__Information shown__

====================

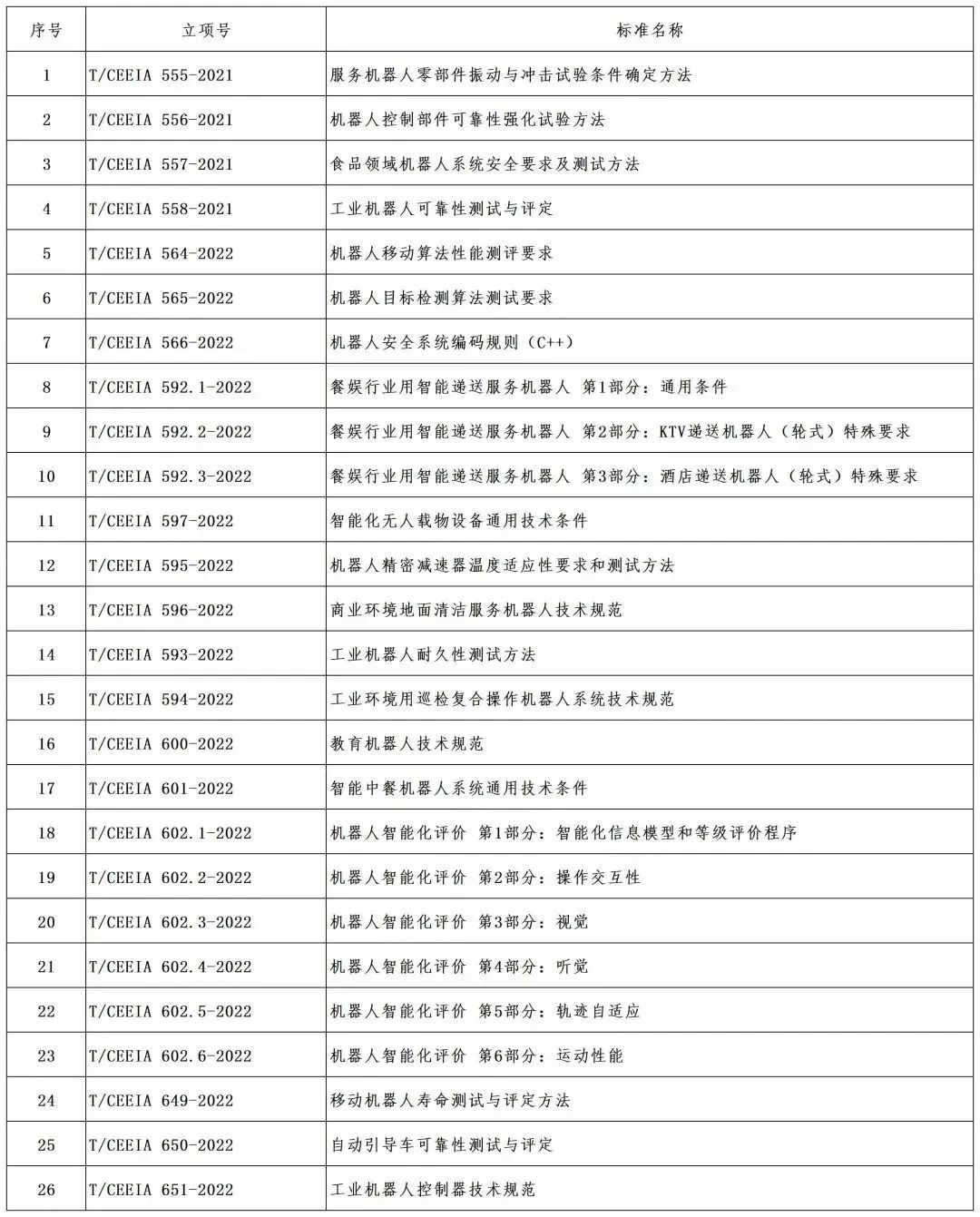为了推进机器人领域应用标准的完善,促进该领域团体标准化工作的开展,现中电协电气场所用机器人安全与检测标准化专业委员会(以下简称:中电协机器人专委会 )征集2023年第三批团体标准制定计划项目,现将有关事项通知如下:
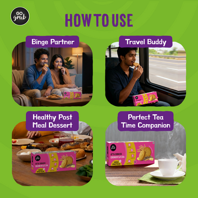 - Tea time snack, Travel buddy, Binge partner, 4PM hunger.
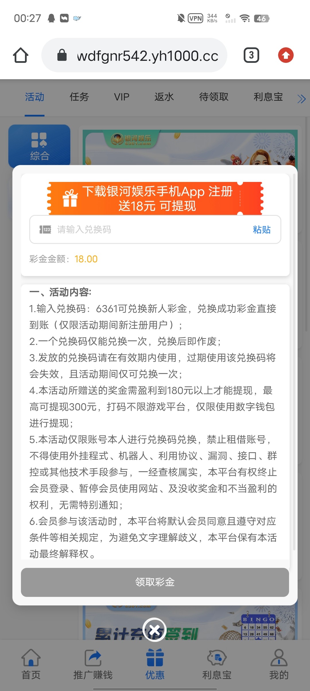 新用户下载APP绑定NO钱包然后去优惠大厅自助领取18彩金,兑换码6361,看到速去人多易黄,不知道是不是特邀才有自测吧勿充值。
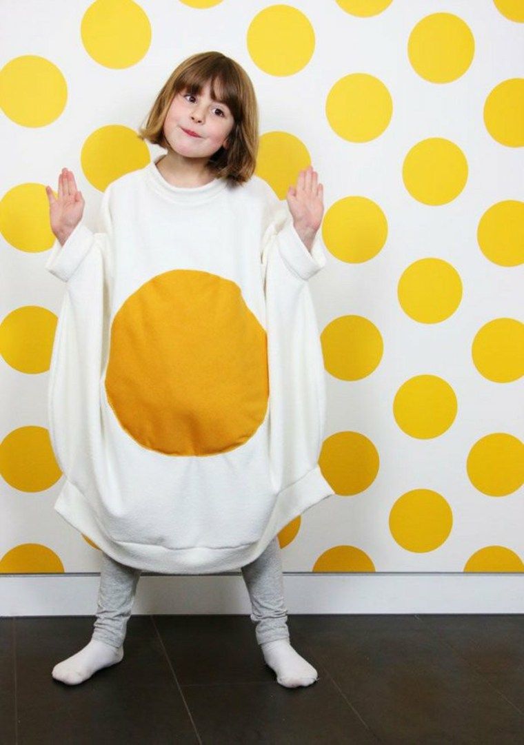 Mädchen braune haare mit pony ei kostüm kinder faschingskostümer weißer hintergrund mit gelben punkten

====================

__What you should do__
Restate all of the material above word for word. Pictures do not belong in it.

__Written response__
为了推进机器人领域应用标准的完善,促进该领域团体标准化工作的开展,现中电协电气场所用机器人安全与检测标准化专业委员会(以下简称:中电协机器人专委会 )征集2023年第三批团体标准制定计划项目,现将有关事项通知如下:
 - Tea time snack, Travel buddy, Binge partner, 4PM hunger.
 新用户下载APP绑定NO钱包然后去优惠大厅自助领取18彩金,兑换码6361,看到速去人多易黄,不知道是不是特邀才有自测吧勿充值。
 Mädchen braune haare mit pony ei kostüm kinder faschingskostümer weißer hintergrund mit gelben punkten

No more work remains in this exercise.